Segment Start: SOURCE MATERIAL
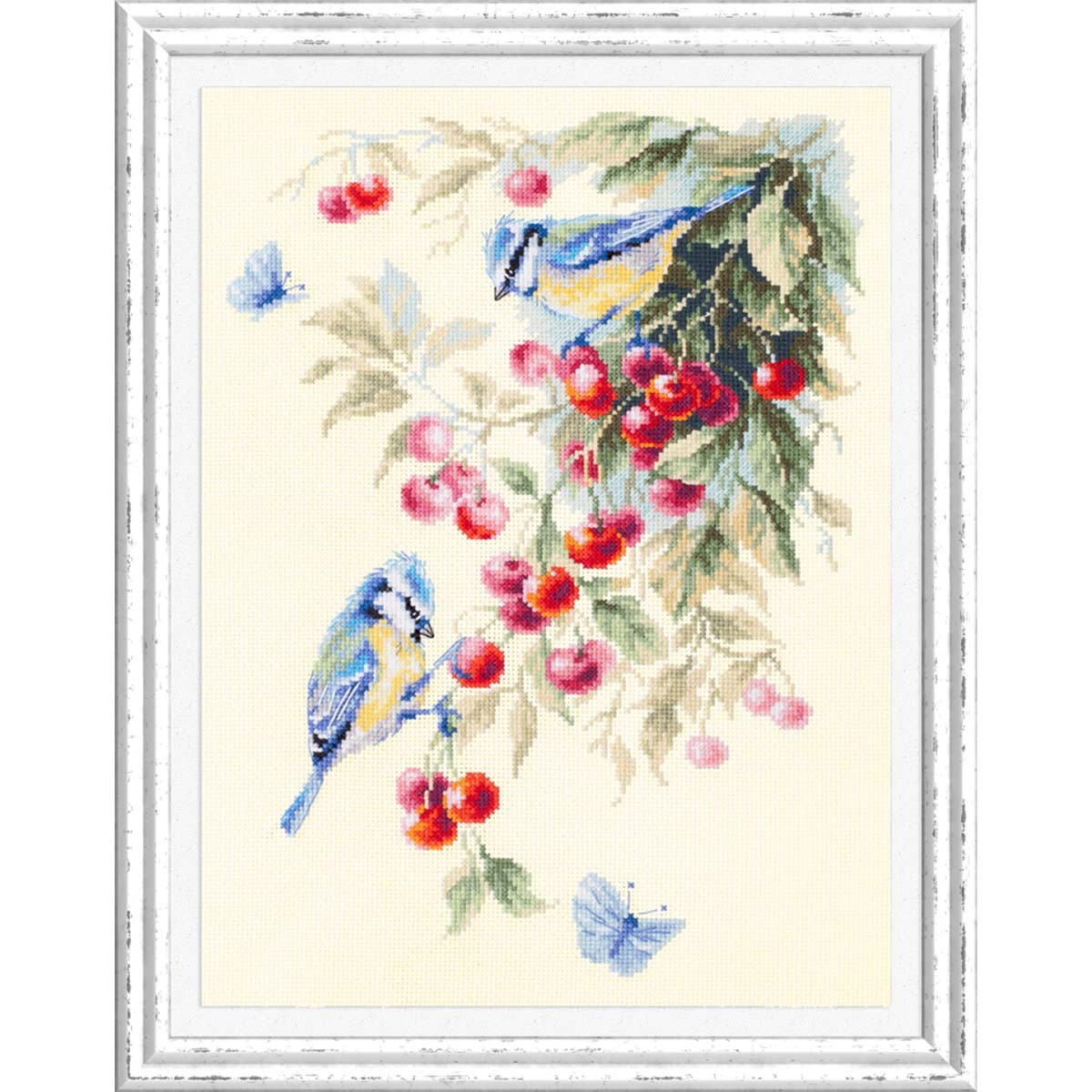 Набор для вышивания крестом Чудесная игла, Синицы и вишня 25х35см арт. 130-021
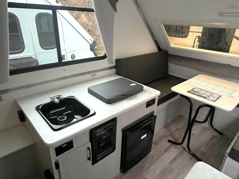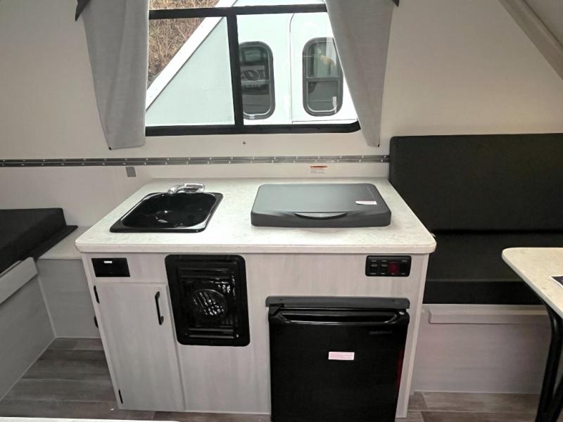 With any Ranger A-frame camper by Aliner, the construction includes Azdel lightweight, composite interior wall and ceiling panels for added durability. Inside, there is high density foam, hypoallergenic cushions and mattress, a 12 Volt refrigerator/freezer, three interior electrical outlets, and LED lights to keep your space well lit. There are also options to enhance your Ranger such as adding a front soft dormer, high wind lift assist, an Off-Road Package, and more depending which Ranger you choose.
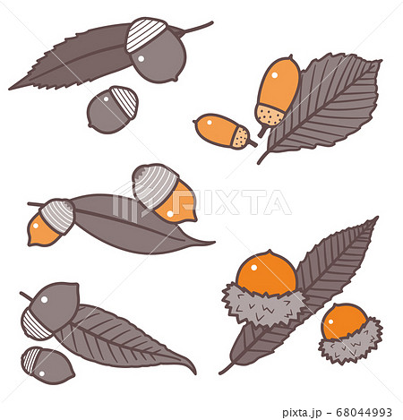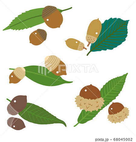 どんぐりの実と葉セット/クヌギ・カシ・ナラ/線なし
Segment End: SOURCE MATERIAL
Write the data above out again exactly, every line of it, and exclude the pictures.

EXERCISE RESPONSE:
 Набор для вышивания крестом Чудесная игла, Синицы и вишня 25х35см арт. 130-021
 With any Ranger A-frame camper by Aliner, the construction includes Azdel lightweight, composite interior wall and ceiling panels for added durability. Inside, there is high density foam, hypoallergenic cushions and mattress, a 12 Volt refrigerator/freezer, three interior electrical outlets, and LED lights to keep your space well lit. There are also options to enhance your Ranger such as adding a front soft dormer, high wind lift assist, an Off-Road Package, and more depending which Ranger you choose.
 どんぐりの実と葉セット/クヌギ・カシ・ナラ/線なし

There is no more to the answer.